Exercise
Lines from the opening of the material through the line containing "一曲《落花》响起,经济贸易学" must be duplicated word for word. Pictures are not.

Task inputs
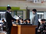 本日、地域の企業である豊田汽缶株式会社 代表取締役社長 勝田剛教 様より、中学...
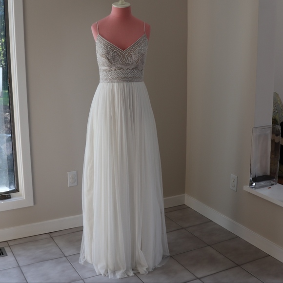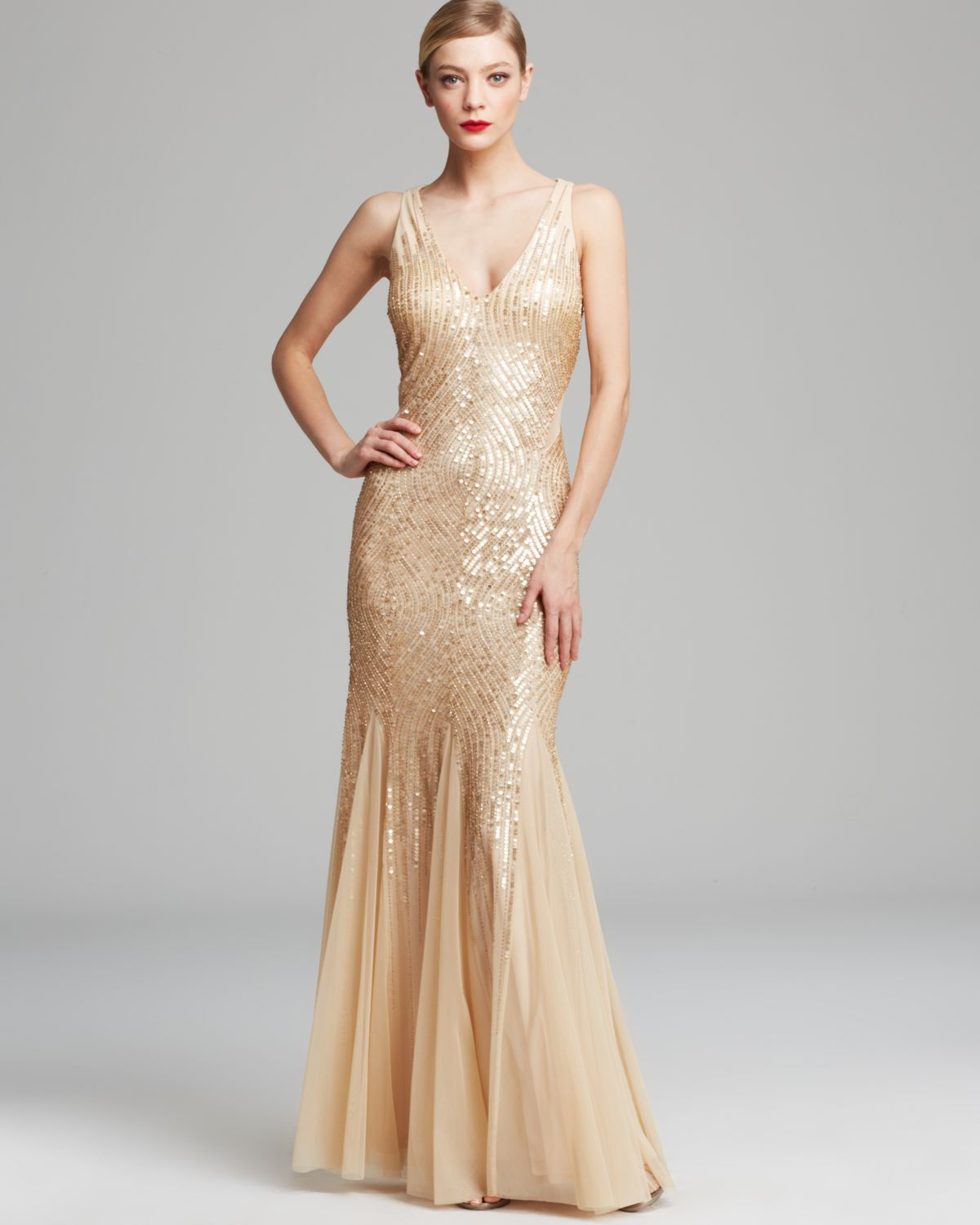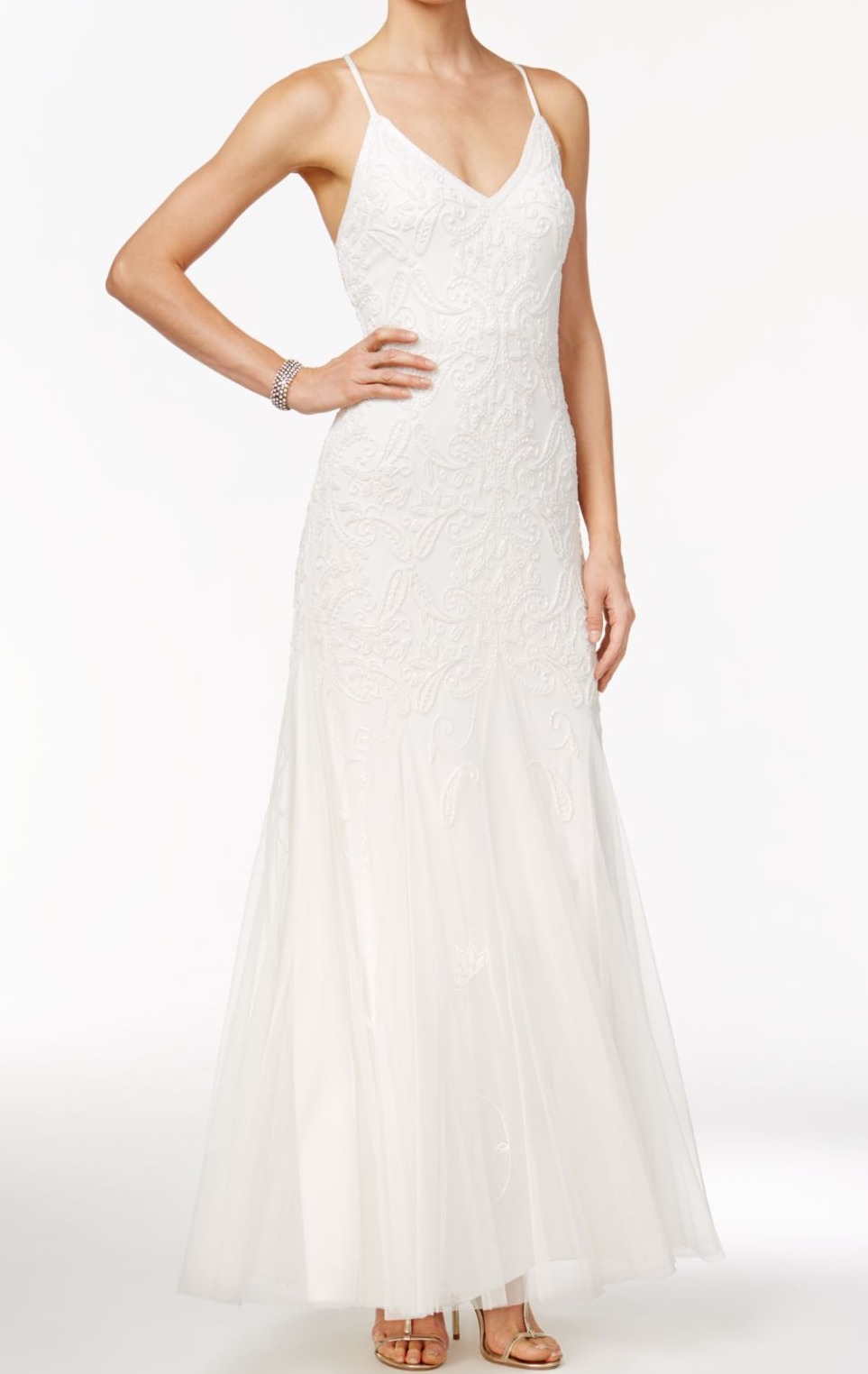 adrianna papell embellished tulle gown
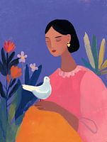Een zacht en poëtisch kunstwerk waarin een vrouw met gesloten ogen een vogel in haar hand draagt. De harmonie tussen de roze en paarse tinten en het frisse wit van de vogel creëert een sfeer van rust en verbinding met de natuur. Een portret dat sereniteit en dromerigheid uitstraalt.
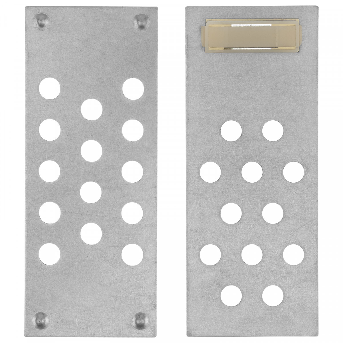 - Быстрый монтаж — в пластинах и ответных частях предусмотрено по 12 отверстий для крепления плитки (панели), вес изделий составляет 167 г.
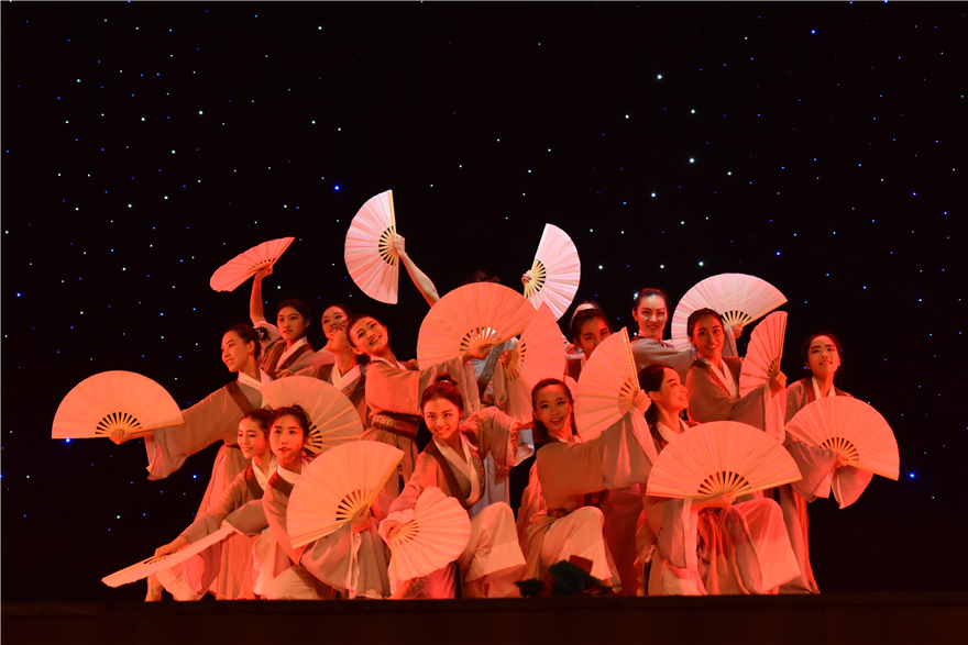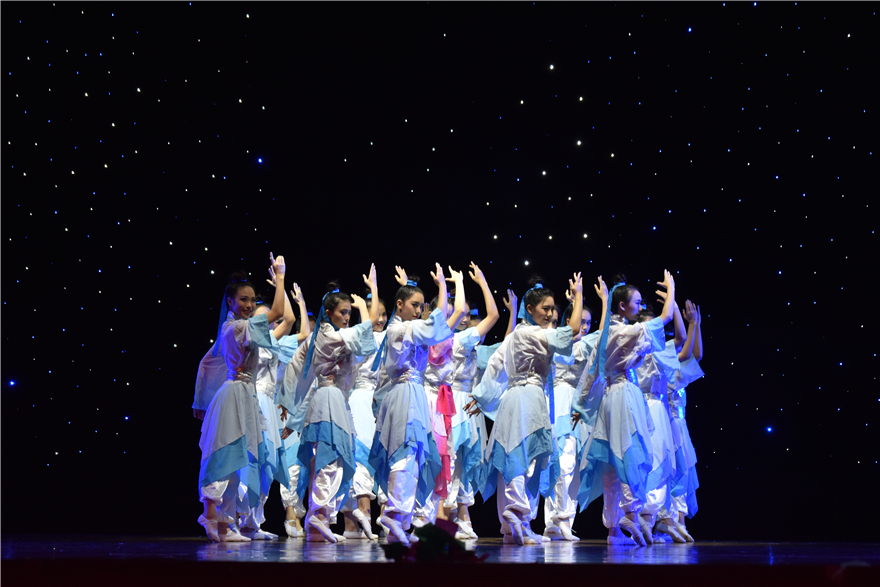 一曲《落花》响起,经济贸易学院的《落花》一舞亦缓缓展开。“花开的时候最珍贵,花落了就枯萎”,本应是感叹花之凋落亦如人之生死的无常感叹。但这群身穿粉白衣裙、如花般的女孩子,用干脆有力的动作和充满感染力的甜美笑容,表现生命的美好和坚强,传达哀而不伤的东方哲学。花落又如何,还未终止,便在一颦一笑、一举手一投足间将美绽放到极致。古乐的三两弹拨声里,也有一群姿态袅娜但背对观众的姑娘。她们娉婷一转身,水袖轻划过空气,微微低头里是江南女子的含蓄美。这是来自信息科学与技术学院的《越女吟》。她们或翩若惊鸿,或婉若游龙,动作优雅而流畅。她们还排成一列,逐次探出身来,将手抬高使水袖自然垂下,微微侧头,巧笑嫣然。尾声处,她们使用了古代女子的跪拜礼,有无尽的雅致韵味。
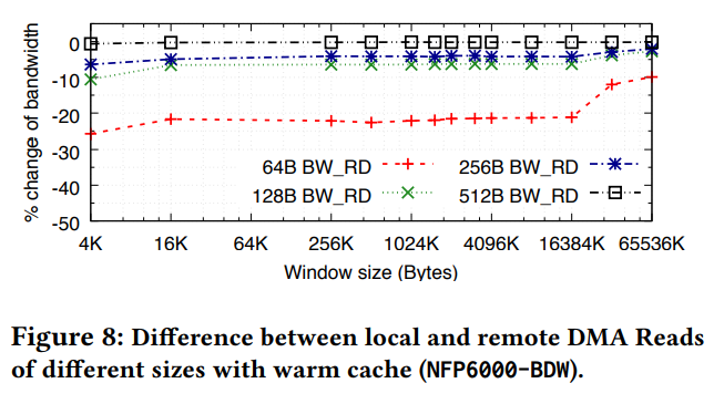 - Figure 8은 Cache warm 상태에서 NUMA Local / Remote에 대한 DMA read bandwidth 성능 차이를 보여준다. ($1 - NUMA\ Remote\ bandwidth\ /\ NUMA\ Local\ bandwidth $) 64 Byte transfer의 경우 NUMA local 대비 NUMA remote가 약 20%의 성능 하락 (32 Gbps -> 25 Gbps)를 보인다. Transfer size가 클수록 성능 하락은 미미하고, 512 Byte 기준으로는 거의 없다고 볼 수 있다.
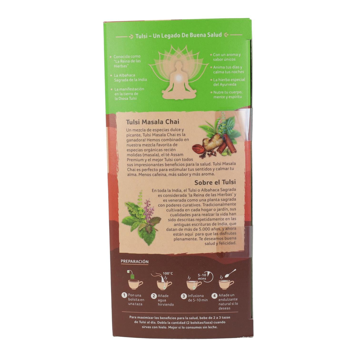 Ingredientes: En esta mezcla, las hojas y flores de Tulsi se combinan con Té negro Assam y especies orgánicas de la India como la canela, jengibre, cardamomo, pimienta negra, clavo, nuez moscada y macis. Contiene 16 mg de cafeína por bolsita.
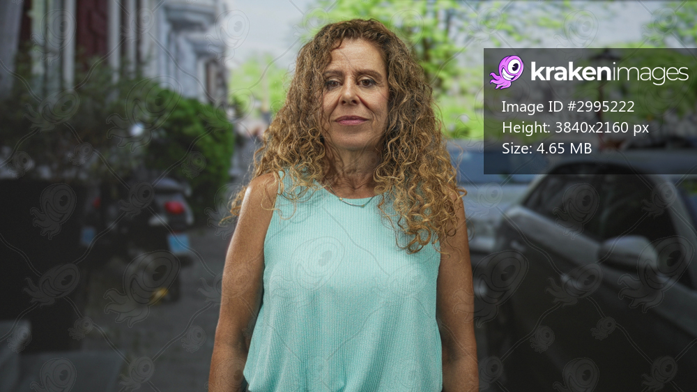Woman standing with hands relaxed in a sleeveless top on a street lined with parked cars and scooters; contentment.
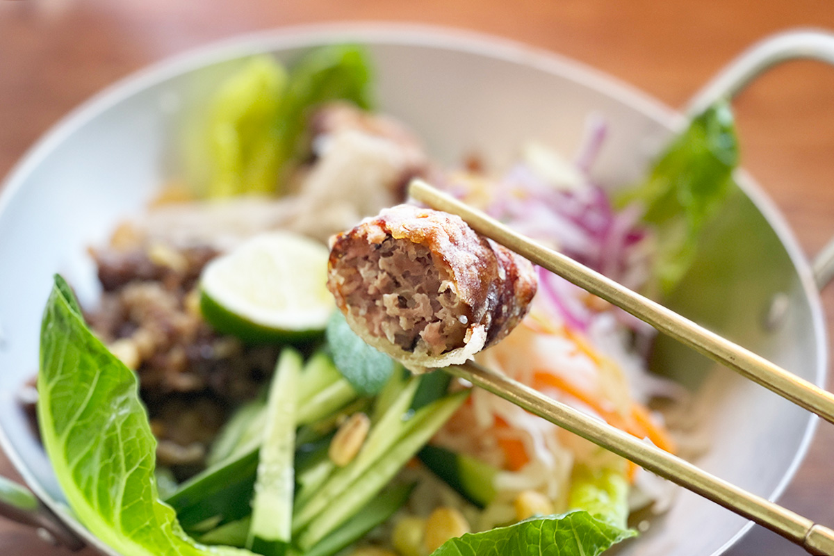 「ボブン」には揚げた春巻きも欠かせません。サクッとジューシーな皮の中にはシイタケ、豚肉、春雨などがぎっしり。皮にはライスペーパーが使用され、揚げることで生まれる軽やかな食感が特長です。ニョクマムとニンニクだけのシンプルな味付けで素材のうま味が引き出されています。
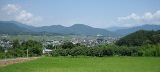 ここからは、塩田平から上田市街に続く盆地を見おろすことができます。雄大な風景です。右上の塩田平の展望写真では、右手前の尾根の向こうに上田市街や上田城があります。
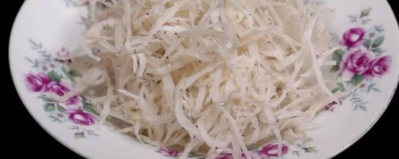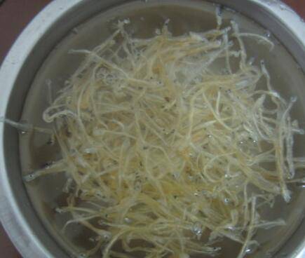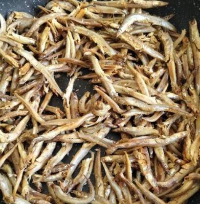 2、将小银鱼洗净沥水,用锅把鱼干烘干。
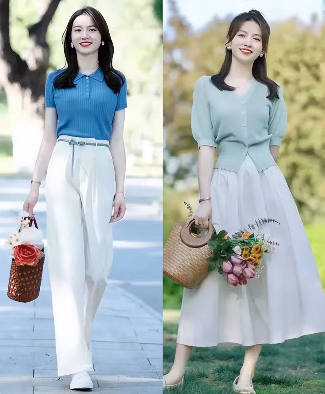 看了氣質女人的穿搭才發現,夏天不穿t恤,這樣搭配才更優雅
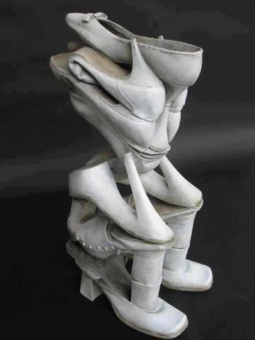 مجموعة من الأحذية تم رصها بشكل معين لتخرج لنا شكل تمثال .

Response for this exercise
 本日、地域の企業である豊田汽缶株式会社 代表取締役社長 勝田剛教 様より、中学...
 adrianna papell embellished tulle gown
Een zacht en poëtisch kunstwerk waarin een vrouw met gesloten ogen een vogel in haar hand draagt. De harmonie tussen de roze en paarse tinten en het frisse wit van de vogel creëert een sfeer van rust en verbinding met de natuur. Een portret dat sereniteit en dromerigheid uitstraalt.
 - Быстрый монтаж — в пластинах и ответных частях предусмотрено по 12 отверстий для крепления плитки (панели), вес изделий составляет 167 г.
 一曲《落花》响起,经济贸易学院的《落花》一舞亦缓缓展开。“花开的时候最珍贵,花落了就枯萎”,本应是感叹花之凋落亦如人之生死的无常感叹。但这群身穿粉白衣裙、如花般的女孩子,用干脆有力的动作和充满感染力的甜美笑容,表现生命的美好和坚强,传达哀而不伤的东方哲学。花落又如何,还未终止,便在一颦一笑、一举手一投足间将美绽放到极致。古乐的三两弹拨声里,也有一群姿态袅娜但背对观众的姑娘。她们娉婷一转身,水袖轻划过空气,微微低头里是江南女子的含蓄美。这是来自信息科学与技术学院的《越女吟》。她们或翩若惊鸿,或婉若游龙,动作优雅而流畅。她们还排成一列,逐次探出身来,将手抬高使水袖自然垂下,微微侧头,巧笑嫣然。尾声处,她们使用了古代女子的跪拜礼,有无尽的雅致韵味。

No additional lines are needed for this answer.